Your assignment =
Leave the pictures out and print, word for word, the lines below from the one with "beurteilen Sie den" through the final line.

Collected data =
+++++
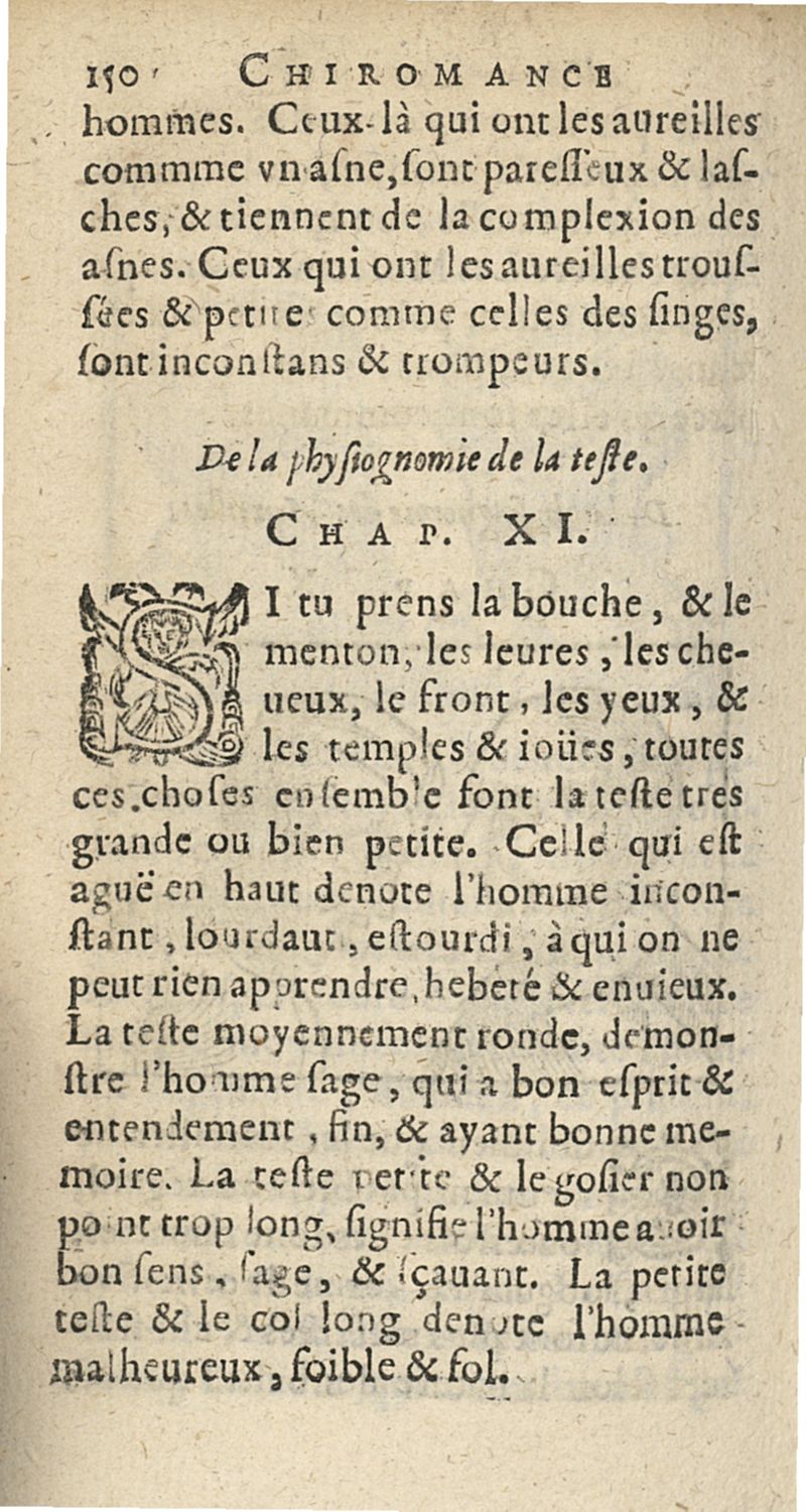 La Chiromance et phisiognomie par le regard des membres de l'homme..., le tout mis en françois par Antoine du Moulin masconnois
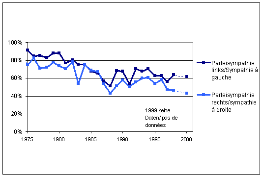«Wie beurteilen Sie den weiteren Ausbau der Sozial- und Krankenversicherung ?» - Beurteilung nach politischer Orientierung: «sehr positiv» und «eher positiv» |
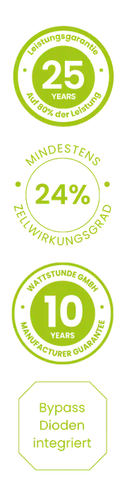 WATTSTUNDE unterstreicht die Qualität mit einer 10-jährigen Produktgarantie sowie einer 25-jährigen Leistungsgarantie auf mindestens 80 % der Nennleistung – für langfristige Sicherheit und zuverlässige Performance.
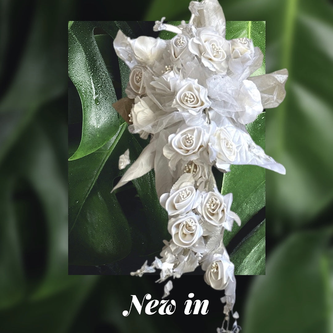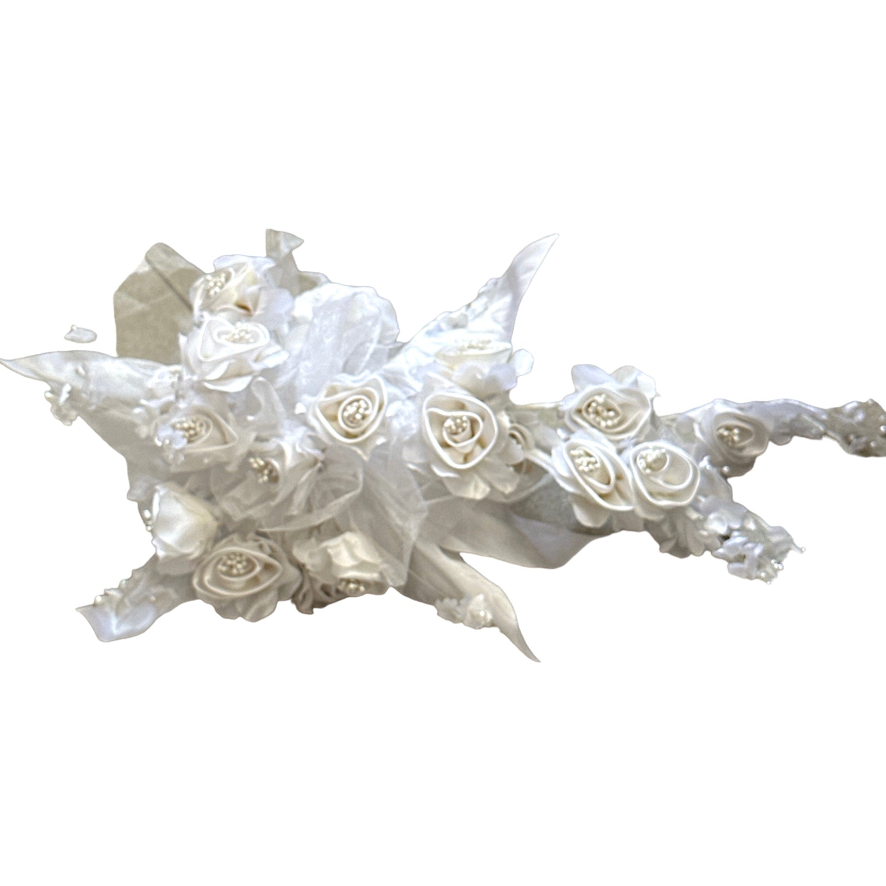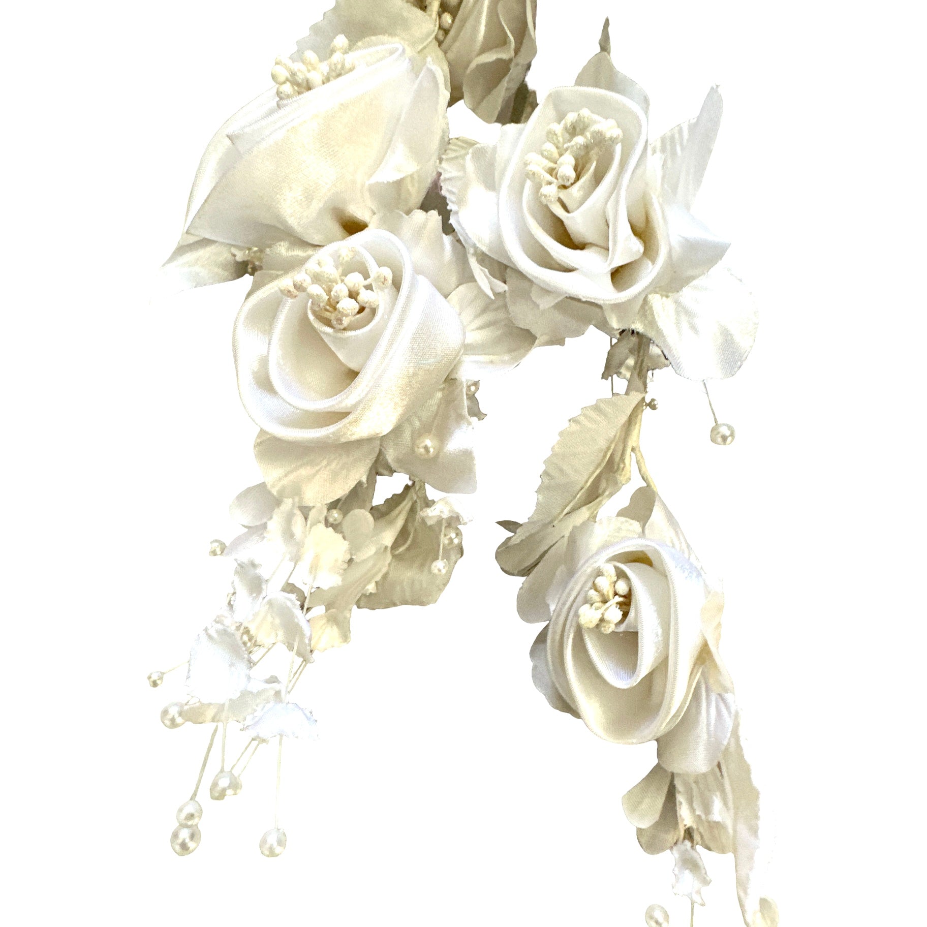 Florile sunt fabricate din material alb satinat cu tije din sârmă și decorate cu perluțe artificiale și mărgele.
+++++
Task response =
«Wie beurteilen Sie den weiteren Ausbau der Sozial- und Krankenversicherung ?» - Beurteilung nach politischer Orientierung: «sehr positiv» und «eher positiv» |
 WATTSTUNDE unterstreicht die Qualität mit einer 10-jährigen Produktgarantie sowie einer 25-jährigen Leistungsgarantie auf mindestens 80 % der Nennleistung – für langfristige Sicherheit und zuverlässige Performance.
 Florile sunt fabricate din material alb satinat cu tije din sârmă și decorate cu perluțe artificiale și mărgele.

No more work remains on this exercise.